Common Criteria (CC) is an international certification accepted by many countries. Obtaining the CC certification is an endorsement that our product has been evaluated by competent and independent licensed laboratories for the fulfilment of certain security properties. This certification is recognized by all the signatories of the Common Criteria Recognition Agreement (CCRA). The CC is the driving force for the widest available mutual recognition of secure IT products. Having this certification is an assurance of security to a standard extent and can provide VMware with the much needed business parity or advantage with its competitors.
Enterprise users can configure the Common Criteria Firewall settings both at the Edge and Profile levels.
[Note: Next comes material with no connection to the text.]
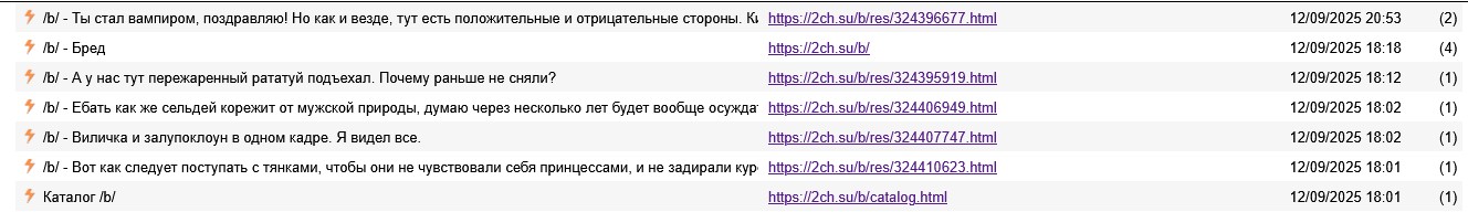 >Спасибо что общаешься со мной иногда Да забей, мужик. Это уже концепция агонии своего рода. В принципе подвернулся, потому что узнал - что ты вылез опять. Чуть после создания т.н Верготреда решил выползти таки. Хотя немного лукавлю конечно, хотелось как можно дольше с говняком не соприкасаться. Тут нынче одни банальные впопудаваши существуют. Своего рода отвращение что ли возникает\даже открывать+читать не хочется. Запостить по сути нечего да и некому\только одноклеточный ресентимент на местную сёмгизацию. Поэтому базара зеро - если есть чавой накалякать, ты пиши главное. Чёнидь там разовьём\посмеёмся немного да придумаем. Уныло мне блядь\как будто на сосаче вообще чего-то концептуально радостного по пальцам в год ныне считается. Как говоривал Серёга: А раньше же дни были тёплыми\у твоей души шкура тёплая. Сумбурно как будто наколякал ответец\меня в последнее время от длиннопостов вообще тошнит. Не могу их ни читать, ни писать\вон скок этот всё откладывал. Помню так вообще дооткладывался\вникуда ушли посланья по большому счёту... Я так сказать и внетреда с тобой немного беседую. Не помню конкретно почему, но однажды во время прогулок по лесополосе ака прудовым буеракам пару мест в честь постеров назвал. Возможно думал над ответами в тредах\может просто какую мысль прокручивал про конкретного человечка\али вообще в этот же день или ночью загодя букавыми перекидывались. Так что всё, теперь есть Верговское место, где подосиновики растут бывает. Я так к ниму подхожу - сразу начинаю с обращения, Верг - мне заносик грибной надо. Последние разы кстати не балует меня Верговское, чёт на лысом там. Зато моя личная заносная полянка всегда чего-нибудь грибского да мене припасает. Бывали времена, когда только там и удавалось подсобирать. скоро последний поход в этом сезоне\это печально

By default, this feature is deactivated.
To configure Common Criteria Firewall settings for a Profile, perform the following steps:
Procedure
- In the SD-WAN service of the Enterprise portal, go to .
The
Profiles page displays the existing Profiles.
- Click the link to a Profile or click the View link in the Device column of the Profile. You can also select a Profile and click Modify to configure the Profile.
- The Device tab displays the configuration options for the selected Profile.
- In the Connectivity category, click Common Criteria Firewall.
- Turn on Enable Common Criteria Firewall toggle button.
When the
Enable Common Criteria Firewall option is set to On, the following packets are automatically dropped, counted, or logged:
- Packets with invalid fragments or fragments which cannot be completely re-assembled that are destined to the Edge.
- Packets where the source address is defined as being on either broadcast network, multicast network, or loopback address.
- Packets with the IP options: Loose Source Routing, Strict Source Routing, or Record Route specified.
- Packets which have the source or destination address as unspecified or reserved for future.
- Packets where the source address is equal to the address of the network interface where the network packet was received.
- Packets where the source address does not belong to the networks reachable via the network interface where the network packet was received.
- Packets where the source or destination address of the network packet is defined as being unspecified (i.e. 0.0.0.0) or an address “reserved for future use” (i.e. 240.0.0.0/4) as specified in RFC 5735 for IPv4.
- Packets where the source or destination address of the network packet is defined as an “unspecified address” or an address “reserved for future definition and use” (i.e. unicast addresses not in this address range: 2000::/3) as specified in RFC 3513 for IPv6.